Reviewed by Mark W. Cortiula

Mark W. Cortiula is an assistant professor at Nipissing University in
North Bay.


As the aging Canadian population places a strain on increasingly scarce
health-care resources, there arises a need to explore alternatives to
the traditional delivery of medical care. William Molloy, a geriatrician
at McMaster University, asks thoughtful questions about aging and death
that health-care planners, physicians, and individuals would be well
advised to consider.

Although Molloy tends to exaggerate the extent of the health-care
crisis, his cost-benefit analysis of hospital care for the terminally
ill and aged effectively demonstrates that health-care dollars could be
more usefully spent. Molloy supports the advance directive as a means of
ensuring the best allocation of resources as well as a means of giving
individuals the opportunity to make informed health-care choices while
competent.

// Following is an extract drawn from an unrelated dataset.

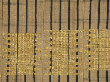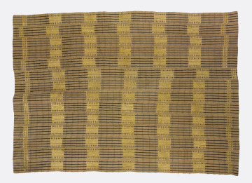 This wrapper is made of fourteen woven strips of fabric. Traditional Yoruba weavings often begin with indigenous cotton spun and dyed by women. The yarns are then woven into strips of cloth by men, and the strips are stitched together by women to form the completed garment. Changes in fashion and taste provide a wealth of abstract decorative patterns which are frequently named after political leaders or proverbs. While incorporating contemporary influences, the cloth has powerful traditional roots.

His book provides a step-by-step guide on the construction of
living wills.

While Molloy reveals a solid understanding of the ethical and legal
dilemmas that surround advance directives, he skirts the central issue
of what to do about patients who might be inclined to change their minds
about the nature of desired medical care once a terminal condition was
diagnosed. In addition, there are alternatives to advance directives
that can be promoted to reform to the Canadian health-care system; the
advent of multiservice agencies and the promotion of home as opposed to
institutional care are measures that will result in revenue savings that
can be redirected elsewhere in the system.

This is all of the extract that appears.